Write out again, word for word, the lines below from the line that holds "台灣法輪功人權律師團29日聲" through the line that holds "インド、インドネシア、韓国、", omitting pictures.

PROVIDED INFORMATION:
=====
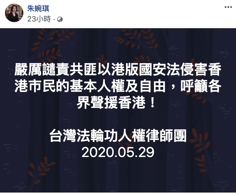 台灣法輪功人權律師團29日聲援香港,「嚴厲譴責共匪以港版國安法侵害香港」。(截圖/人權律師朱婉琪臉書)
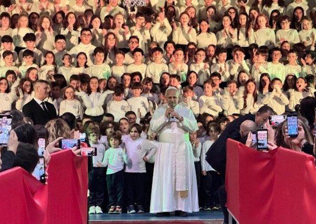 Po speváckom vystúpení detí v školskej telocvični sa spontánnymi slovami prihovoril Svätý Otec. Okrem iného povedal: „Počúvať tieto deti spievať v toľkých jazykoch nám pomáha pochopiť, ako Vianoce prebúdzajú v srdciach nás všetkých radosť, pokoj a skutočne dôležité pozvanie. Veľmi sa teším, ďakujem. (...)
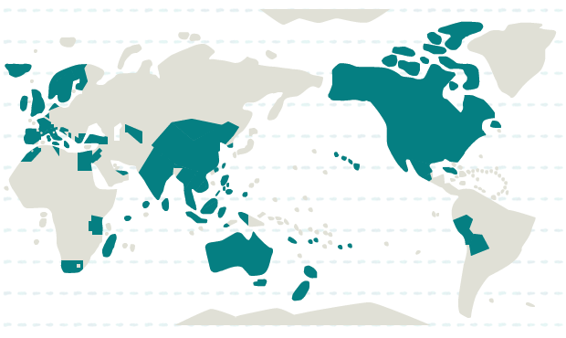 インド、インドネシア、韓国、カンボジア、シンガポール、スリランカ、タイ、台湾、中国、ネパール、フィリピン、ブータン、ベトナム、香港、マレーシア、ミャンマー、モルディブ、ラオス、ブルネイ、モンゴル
=====
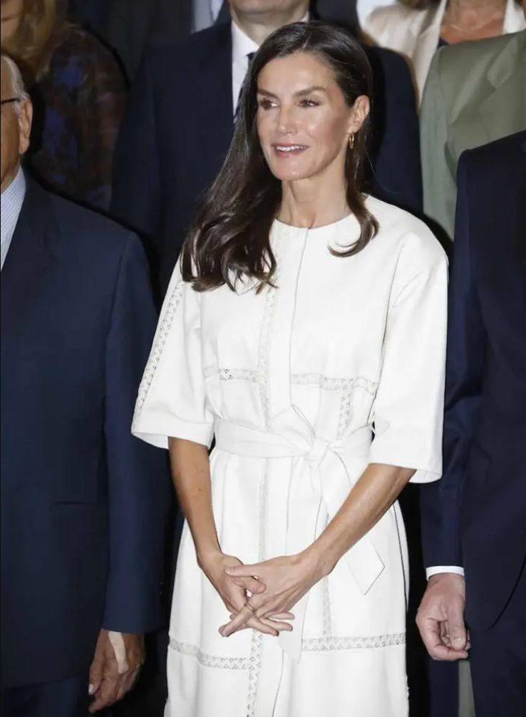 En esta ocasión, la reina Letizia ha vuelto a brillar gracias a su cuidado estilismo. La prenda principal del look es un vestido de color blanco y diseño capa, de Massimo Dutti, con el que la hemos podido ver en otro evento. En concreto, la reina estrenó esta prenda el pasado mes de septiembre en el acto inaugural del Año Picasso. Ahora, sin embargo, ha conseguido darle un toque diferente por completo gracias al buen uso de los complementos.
=====
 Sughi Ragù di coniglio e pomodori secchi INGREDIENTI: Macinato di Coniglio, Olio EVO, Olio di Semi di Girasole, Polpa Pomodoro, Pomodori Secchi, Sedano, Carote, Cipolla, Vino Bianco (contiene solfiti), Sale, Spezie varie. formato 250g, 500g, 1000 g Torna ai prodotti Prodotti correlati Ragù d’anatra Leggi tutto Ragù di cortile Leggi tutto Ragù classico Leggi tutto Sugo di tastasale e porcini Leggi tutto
=====
EXERCISE OUTPUT:
 台灣法輪功人權律師團29日聲援香港,「嚴厲譴責共匪以港版國安法侵害香港」。(截圖/人權律師朱婉琪臉書)
 Po speváckom vystúpení detí v školskej telocvični sa spontánnymi slovami prihovoril Svätý Otec. Okrem iného povedal: „Počúvať tieto deti spievať v toľkých jazykoch nám pomáha pochopiť, ako Vianoce prebúdzajú v srdciach nás všetkých radosť, pokoj a skutočne dôležité pozvanie. Veľmi sa teším, ďakujem. (...)
 インド、インドネシア、韓国、カンボジア、シンガポール、スリランカ、タイ、台湾、中国、ネパール、フィリピン、ブータン、ベトナム、香港、マレーシア、ミャンマー、モルディブ、ラオス、ブルネイ、モンゴル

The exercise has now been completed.